The 4 ps of Creativity

I’ve written repeatedly and at length about how people seem stuck on mistaking Creativity for Art. One of the key reasons that I haven’t discussed as yet, is the 4 P’s view on Creativity.

The 4P’s provide a model of creativity: a framework in which it is easier to understand what goes on when people are creative. It is the work of Mel Rhodes and serves as a reminder of how Creativity is very hard to define and isolate… which is precisely why our societal misuse of the word is so problematic.

After many years of research Mel ended up describing Creativity by developing the 4 Ps:
Person, Product, Process, Press.

Each element is a characteristic part of the whole of creativity and cannot be separated from the others. And yet, each part represents one or other commonly held view of what creativity is.
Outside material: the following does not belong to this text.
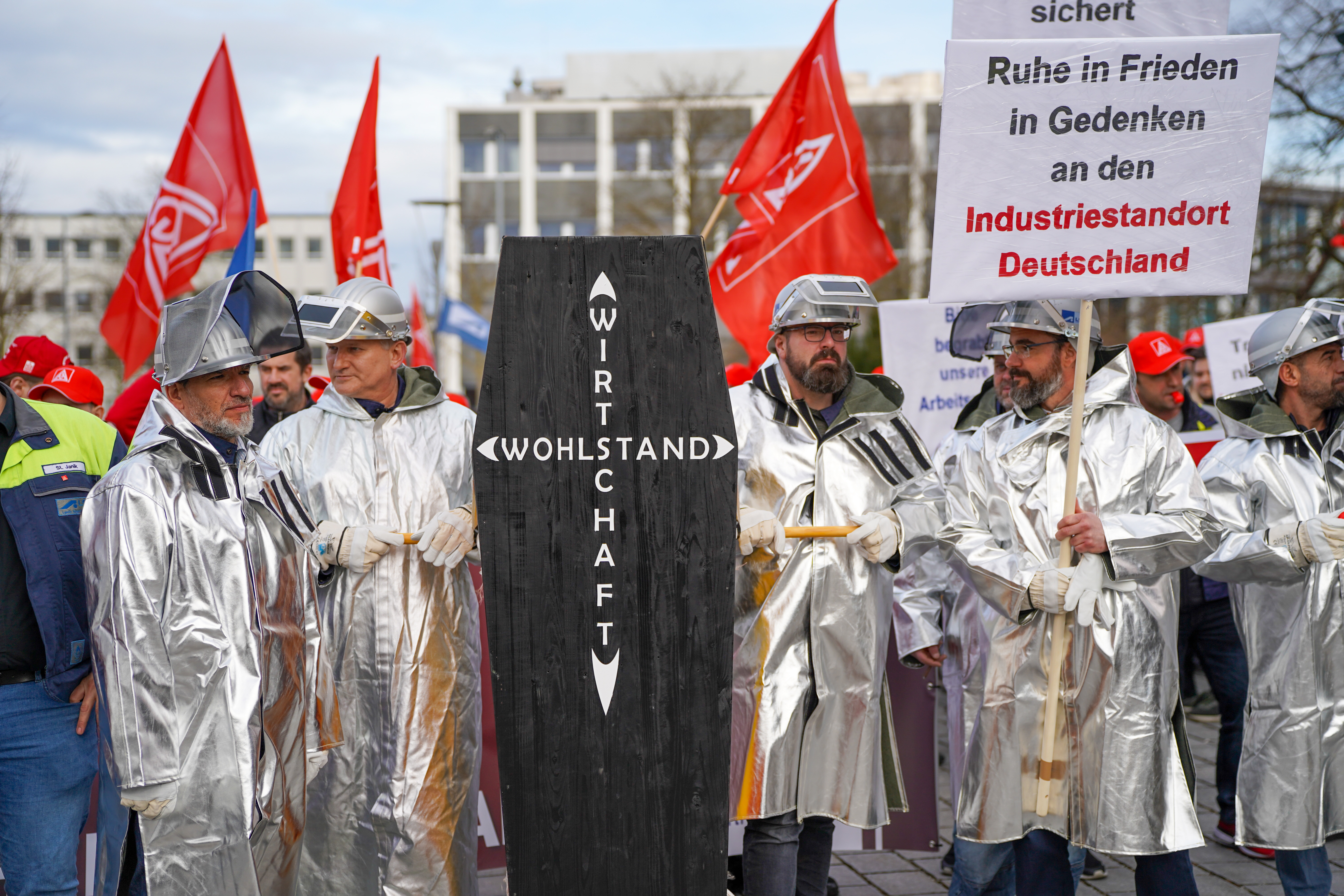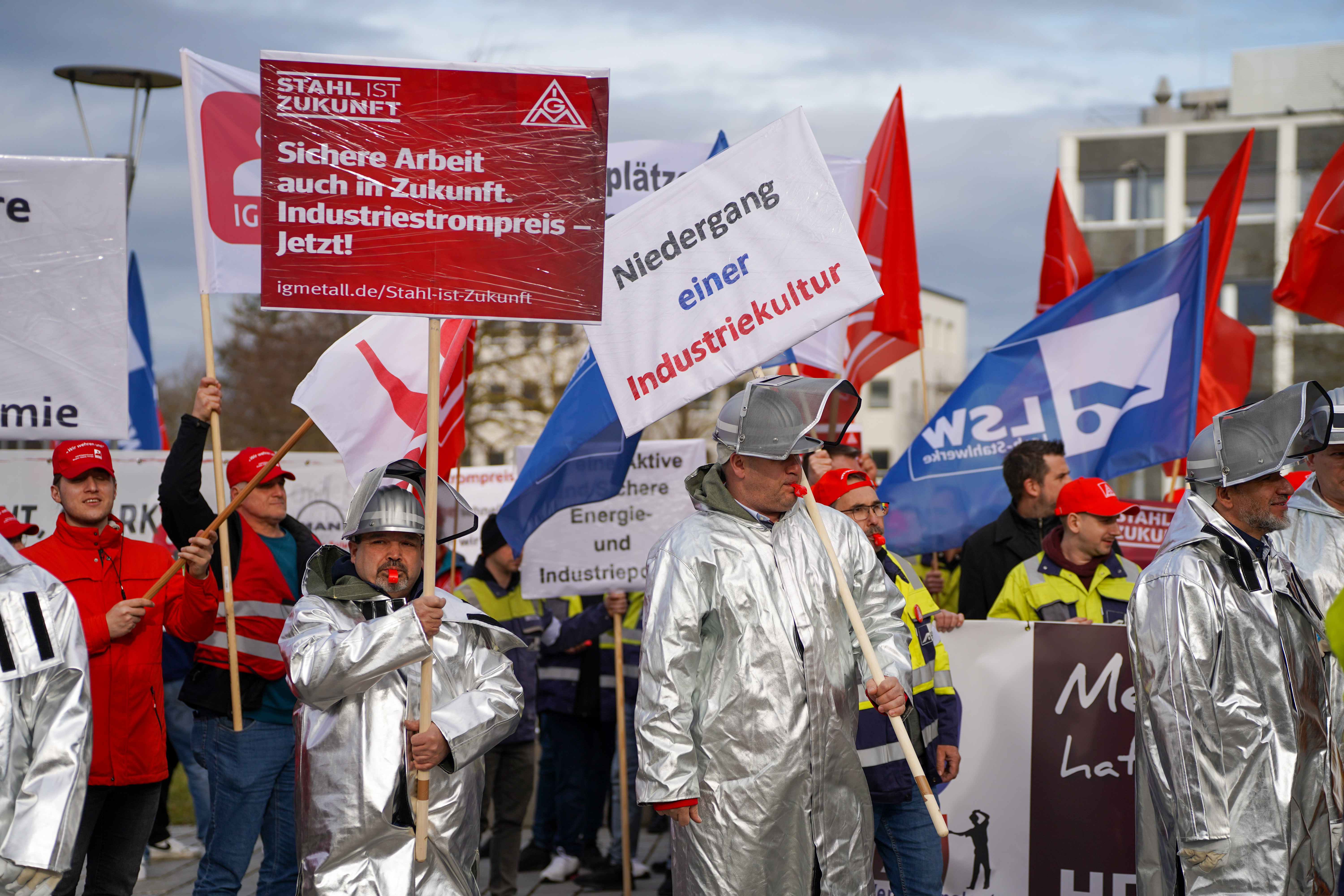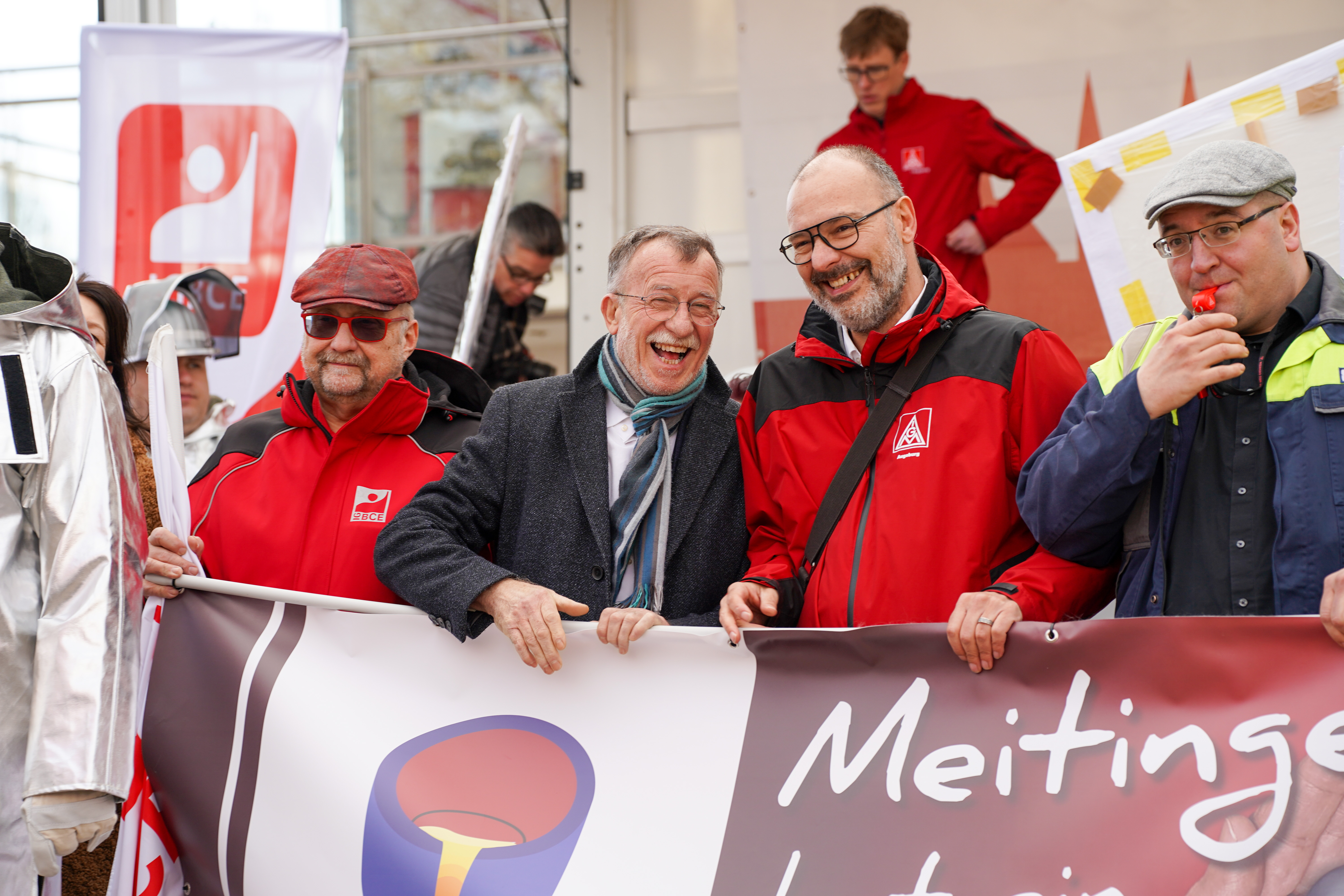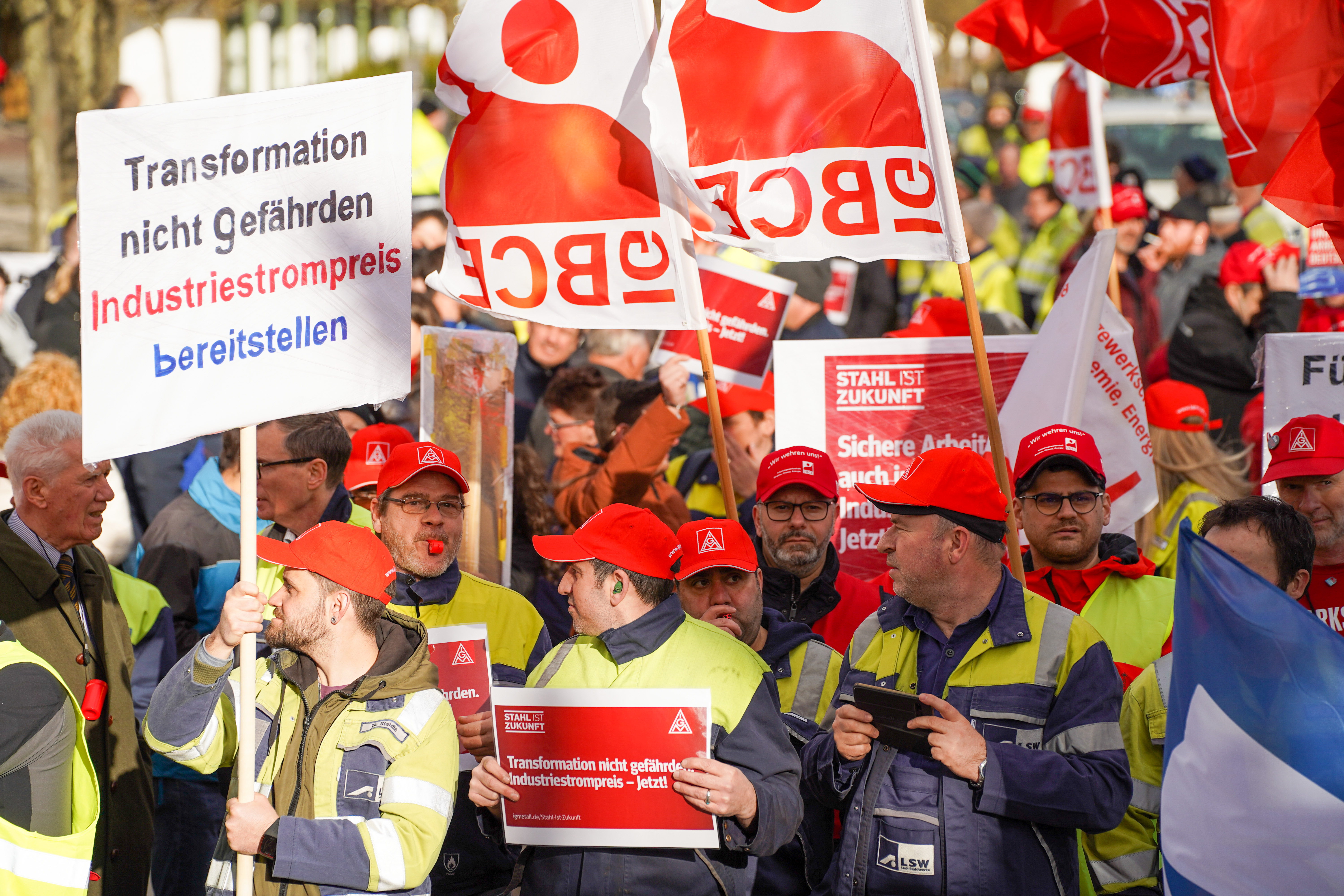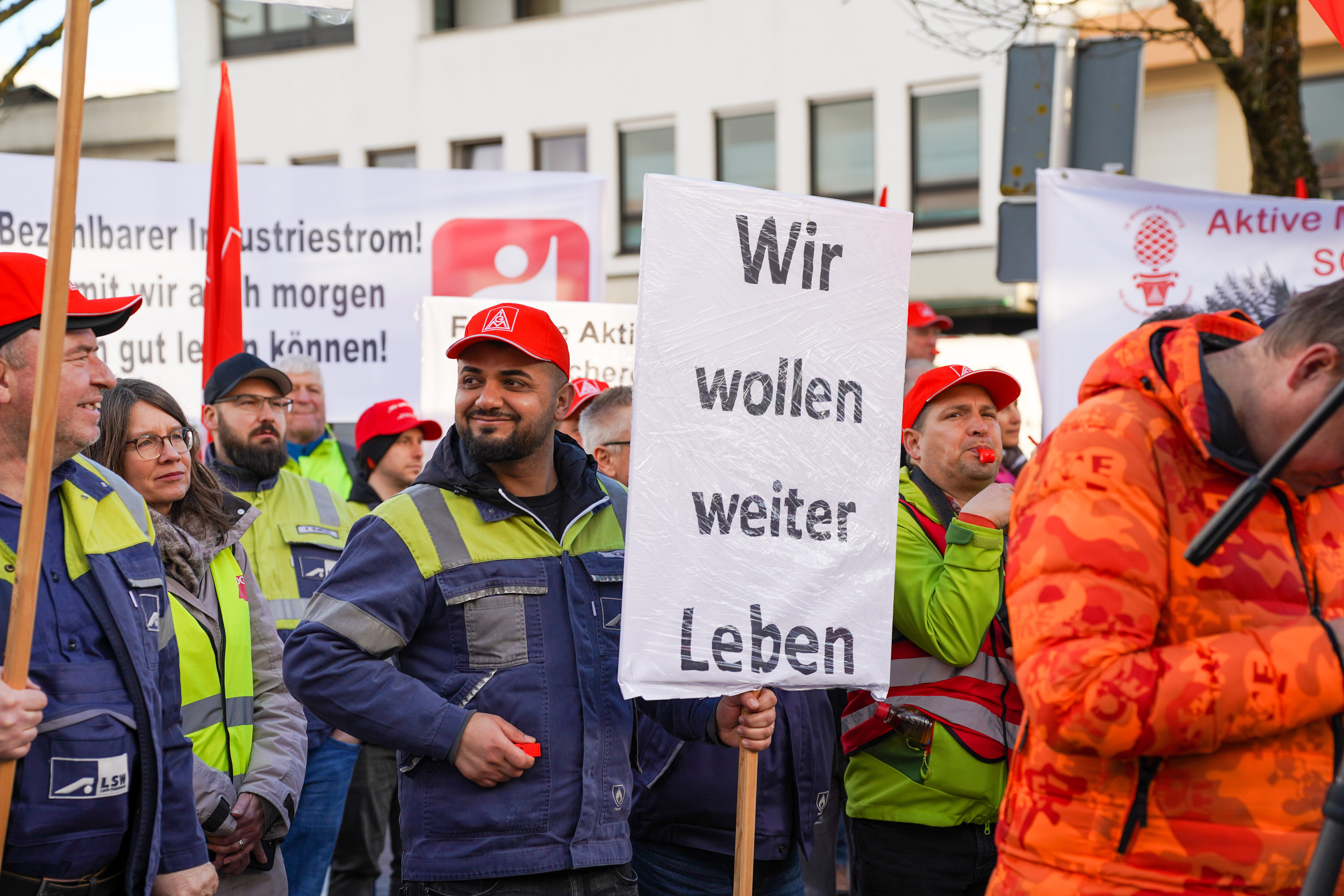 Weil die Strompreise in Deutschland zu hoch sind, sorgen sich die Beschäftigten der Lech-Stahlwerke Meitingen um die Zukunft ihre Arbeitsplätze. 700 Beschäftigte, darunter auch Delegationen aus anderen Betrieben, sind deshalb dem Aufruf von IG Metall und IGBCE gefolgt - und machten anlässlich des bundesweiten „Aktionstag Industriestrompreis“ am 9. März bei einer Kundgebung in Meitingen mächtig Druck auf die Politik für faire Strompreise.

Let’s explore the Ps in detail:

  1. Person:
    To understand creativity, we must also understand what makes People creative: what are their characteristics, their habits, the thoughts.
  2. Product
    These are the ‘things’ that are the result of creative activity. What makes one product creative (a song) and another not? How many products can we say are the result of creativity?
  3. Process
    The process is all about HOW people are creative do what they DO. But Processes can also be Products… new ways of doing old tasks
  4. Press
    Mel defines the press as the environment around the creative person and recognises that, if the climate around a person is not conducive to creativity, it soon dies.

By focussing exclusively on one type of creative product (art) we exclude other types of people from being classed as Creative. We also limit our ability to think creatively about other areas. And because art is often shrouded in mystery and myth, we hide the processes that could be learned and adapted.

Lastly, by accepting the myths and mysteries of Art as a model for creativity, we fail to understand what is required to support and nurture creativity… both for artists and other creative types… we don’t know how to support, them, what learning or help they need or how to optimise their output. In short, we condemn it to the realm of magic and other unbelievable things.

Next time you hear someone saying, ‘But I am not creative!’ ask yourself: what product are they referring to? What process could they learn to become creative? Maybe they are a creative person, but they are just in the wrong environment.

And if you want to create businesses or schools where Creativity flourishes, you need to consider all 4 Ps in your planning and structuring… to leave one out condemns the rest to failure.